The New Museum was founded in 1977, first occupying a small office on Hudson Street, before securing its first galleries and offices in the Graduate Center of the New School for Social Research in 1978. In 1979, the Museum was invited by the US Department of State to organize “The 1970s: New American Painting,” which opened in Belgrade and toured Eastern and Western Europe. By 1984, the Museum had acquired and relocated to the landmark Astor Building at 583 Broadway and Marcia Tucker was appointed the US Commissioner of the forty-first Venice Biennale. 1981–1984 Report (New York: New Museum, 1984).
The New Museum’s first report, dating from 1977, explicitly positions the Museum between alternative spaces and larger museums as a forum for visual and verbal exchange between artists and the public with a national scope. Critical essays and documentation, lectures, and symposia were envisioned to create a historical framework for critically evaluating contemporary art. “The New Museum,” Report, 1977, New Museum Archives, Box T.MT.10, Folder 13.
In an unpublished July 11, 1994, interview by critic Julie Ault, Tucker describes the impetus behind starting a museum: “The reason for wanting to start a museum rather than an alternative space was because it was only in that forum that change in museums might actually take place. Not that I had the idea of the New Museum as a paradigm at that time—it was much more modest. But I’ve always been very involved and interested in questions of how social change is brought about and whether it’s possible for one person or a small organization or a tiny group of people to actually make some change in the way things are done. And coming from the women’s movement, history of Civil Rights, and the anti-Vietnam War movement led people my age to believe they might contribute to change.”

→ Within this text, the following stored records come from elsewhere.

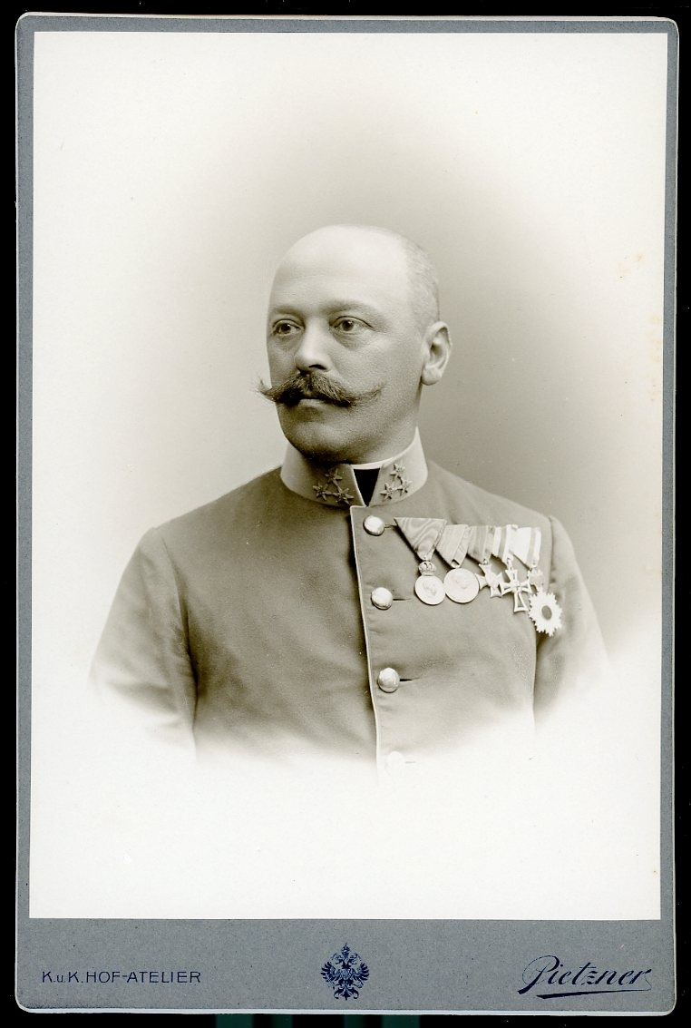 Kabinettsfotografi: Hugo Fischer von See, österrikisk-ungersk överste med medaljer på bröstet.
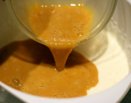 Roer de warme chocolade door het achtergehouden roomkaasmengsel in de kan. Giet dit van de ene kant van de vorm tot de andere in een breed zigzag-patroon op de witte vulling. Haal de steel van een houten lepel ook in zigzag-patroon door de vulling maar nu in tegenstelde richting zodat er een gemarmeerd effect ontstaat. Doe dit niet lang zodat de massa niet rommelig zal zijn. Houdt het simpel en maak een strakke rand.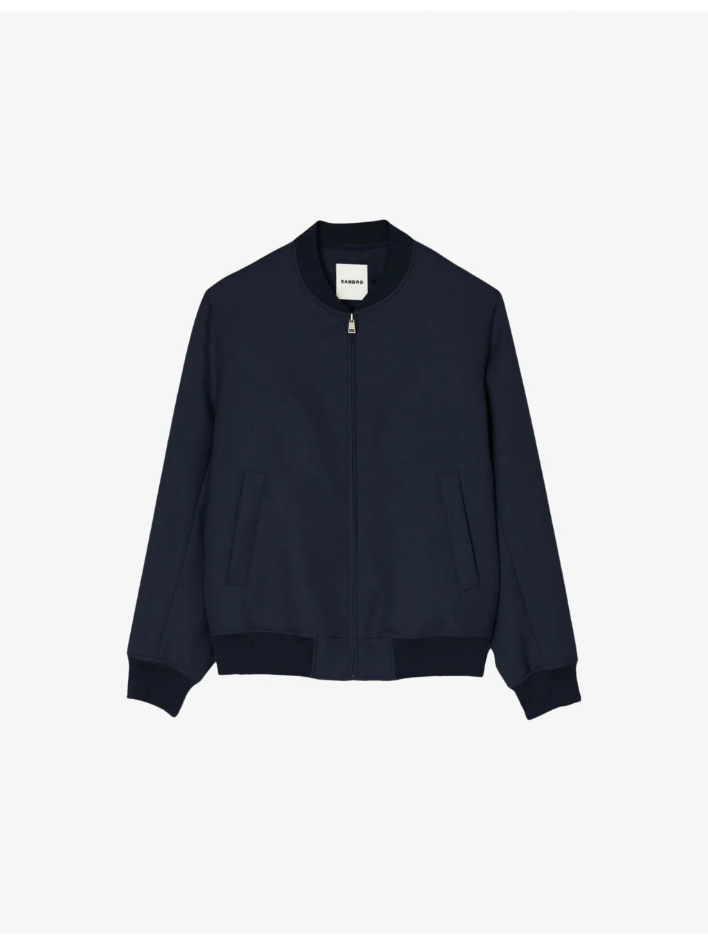 PRODUCT DETAILS - Sandro wool-blend jacket - 54% polyester, 46% virgin wool - Exposed zip fastening at front - Regular fit, ribbed collar, long sleeves, ribbed cuffs, two pockets at the side, straight hem - Dry clean - Model is 6ft 2in/1.88m and wears a size medium - Midweight, non-stretch Ref: R04320607

In 1989, veterans protested a student art installation that involved laying the US flag on the floor of the exhibition space at the Art Institute of Chicago.
“Rothenberg’s installation ‘Have You Attacked America Today?’ elicited scores of comments, both in the lobby guest book and in written notes shoved underneath the gates when the Museum was closed. As a result, the Museum installed a response book filled with questionnaires adjacent to the window. Over 700 written responses were obtained, representing a wide range of opinions, from unflinching support of the artist’s critique to violent opposition to the installation.” 1990 Report: Celebrating our Thirteenth Year (New York: New Museum, 1990), 17–18.